Зачем глаза-то колоть? — испугался
Сенька.
А Михейка Филин смеётся: поди, спроси у тех,
кто колол.
* * *
Но разговор этот уже после был, когда Сенька
сам хитрованцем сделался.
Быстро все вышло и просто — можно сказать,
чихнуть не успел.
Примеривался Скорик, в сбитенном ряду, чего бы
утырить, храбрости набирался, а тут вдруг шум, гам, крик. Баба какая-то орёт.
Караул, мол, обокрали, кошель вынули, держи воров! И двое пацанов, Сенькиных
примерно лет, несутся прямо по прилавкам, только миски да кружки из-под сапог
разлетаются. Одного, который пониже, сбитенщица ручищей за пояс схватила, да на
землю и сдёрнула. Попался, кричит, волчина! Ну ужо будет тебе! А второй
воренок, востроносый, с лотка спрыгнул, и тётке этой рраз кулаком в ухо. Она
сомлела и набок — брык (у Прохи завсегда при себе свинчатка, это Сенька потом
узнал). Востроносый дёрнул второго за руку, дальше бежать, но к ним уже со всех
четырех сторон подступались. За сбитенщицу ушибленную, наверно, до смерти бы
обоих уходили, если б не Скорик.
Как Сенька заорёт:
— Православные! Кто рупь серебряный
обронил?
Ну, к нему и кинулись: я, я! А он меж
протянутых рук проскользнул и ворятам, на бегу:
— Что зявитесь? Ноги!
Они за ним припустили, а когда Сенька подле
подворотни замешкался, обогнали и рукой махнули — за нами, мол, давай.

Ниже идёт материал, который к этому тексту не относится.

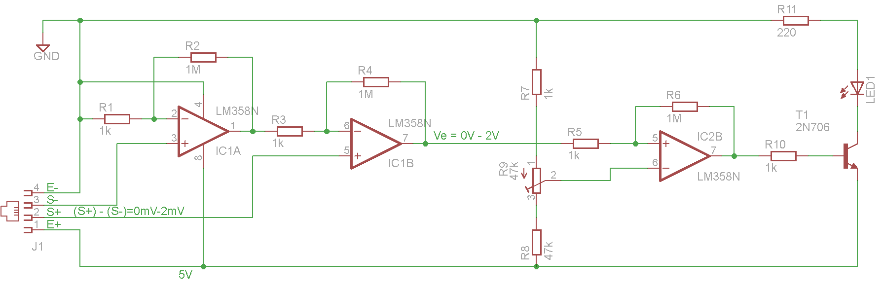 Tehát első körben ezt a jelet kell erősíteni mondjuk 1000 szeresen. Ezt az LM358-as adatlapja szerinti "High Input Z, DC Differential Amplifier" kapcsolás szerint csináltam meg. Az erősítés elvileg 1+1M/1k = 1001 szeres (R2/R1=R4/R3=1000).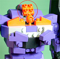 首筋のオレンジ部と接続パーツを左右に取り付け、中央にグレー色の2ポチパーツをはめ込みます。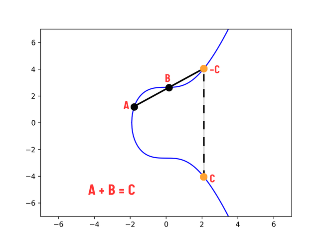 Imaginemos que hay que sumar los puntos “A” y “B” sobre la Curva Elíptica. Para ello trazaremos una recta que pase por ambos, y el punto donde ésta cruce de nuevo la curva, será la suma de ambos en negativo “-C”. Ahora reflejamos ese mismo punto respecto del eje x, obteniendo así el punto “C”, el cual es la suma de A y B.

В тихом месте отдышались, поручкались. Михейка
Филин (тот, что поменьше и пощекастей) спросил: ты чей, откуда?
Сенька в ответ:
— Сухаревский.
Второй, что Прохой назвался, оскалился, будто
смешное услыхал. А чего, говорит, тебе на Сухаревке не сиделось?
Сенька молча сплюнул через выбитый зуб — не
успел тогда ещё с обновой обвыкнуться, но все равно аршина на три, не меньше.
Сказал скупо:
— Нельзя мне там больше. Не то в тюрьму.
Пацаны поглядели на Скорика уважительно. Проха
по плечу хлопнул. Айда, говорит, с нами жить. Не робей, с Хитровки выдачи нет.
Как Сенька обживался на новом месте
С пацанами, значит, жили так.
Днём ходили тырить, ночью — бомбить.
Тырили все больше на той же Старой площади,
где рынок, или на Маросейке, где торговые лавки, или на Варварке, у прохожих,
иногда на Ильинке, где богатые купцы и биржевые маклеры, но дальше ни-ни.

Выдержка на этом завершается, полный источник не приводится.